Mike Moffatt, Senior Director am Smart Prosperity Institute (SPI), sagt: „In ganz Kanada haben Provinzen und Territorien ihre einzigartigen wirtschaftlichen Hebel, aber auch Herausforderungen. Beispielsweise verfügt die verarbeitende Industrie über eine starke Basis in Ontario und Quebec, während die Landwirtschaft in den kanadischen Prärien Fuß fasst.“

Beim Übergang Kanadas zu einer Netto-Null-Wirtschaft ist die Nutzung regionaler Vermögenswerte laut dem PLACE Centre des SPI von entscheidender Bedeutung.
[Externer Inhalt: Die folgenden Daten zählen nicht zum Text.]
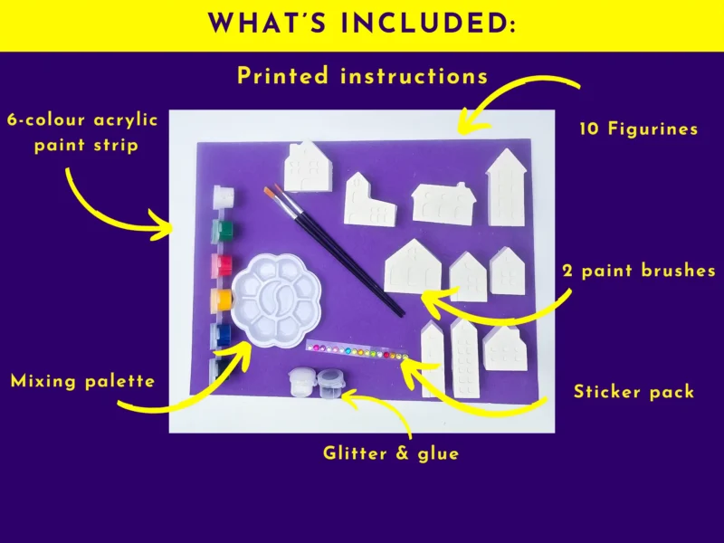 - Acrylic paints, paint brushes, palette, glitter, and instruction card
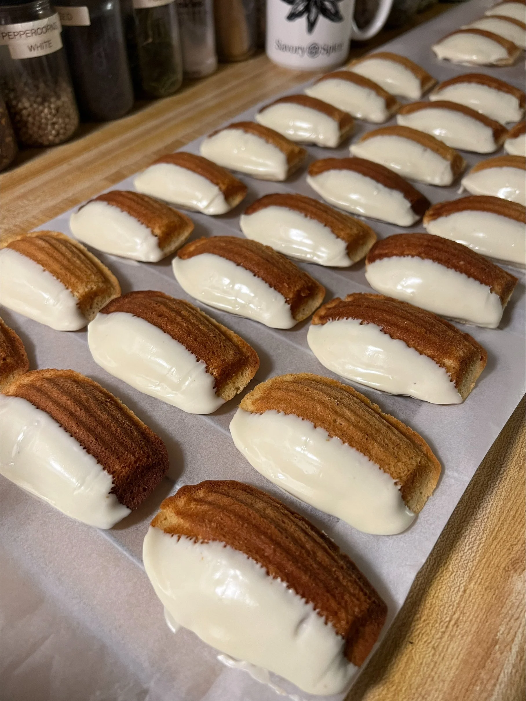 7) While the madeleines are baking, melt your white chocolate either over a double bowler, or carefully in the microwave using 20 second zaps (and stirring between each zap). While the madeleines are still warm, dip into the white chocolate and place on a sheet of parchment to set the chocolate.

Dies liegt daran, dass vorhandenes Fachwissen und Wissen genutzt werden kann, um wichtige Netto-Null-Sektoren zu skalieren. Die Öl- und Gasindustrie in Alberta verfügt beispielsweise über umfangreiche Erfahrungen mit Untertagebohrungen und -erkundungen, die für den Bergbau und die Gewinnung geothermischer Energie genutzt werden können. Auch der Luftfahrtsektor Quebecs kann auf seiner bestehenden Basis aufbauen, um nachhaltigen Flugtreibstoff und alternative Antriebstechnologien zu entwickeln. Durch Zusammenarbeit und koordinierte Bemühungen können Regionen einander ergänzen, um eine effiziente Lieferkette zu schaffen; Die großen Lithiumsolevorkommen in Alberta können die Batterieproduktion in Ontario versorgen, während Biokraftstoffe aus den kanadischen Prärien den Luftfahrtsektor in Quebec antreiben können.

Moffatt fügt hinzu: „Da viele politische Anreize auf einer höheren Regierungsebene festgelegt werden, sollten Kommunal- und Provinzregierungen die potenziellen Auswirkungen aufzeigen und etwaige Lücken mit einer einzigen Stimme für die Bundesregierung priorisieren.“ Dies wird ihnen dabei helfen, wichtige Netto-Null-Sektoren voranzutreiben, die qualifizierte Arbeitsplätze schaffen und das Wachstum im ganzen Land vorantreiben.“

Offenlegung: Ich bin ein Fellow im Energy Futures Lab.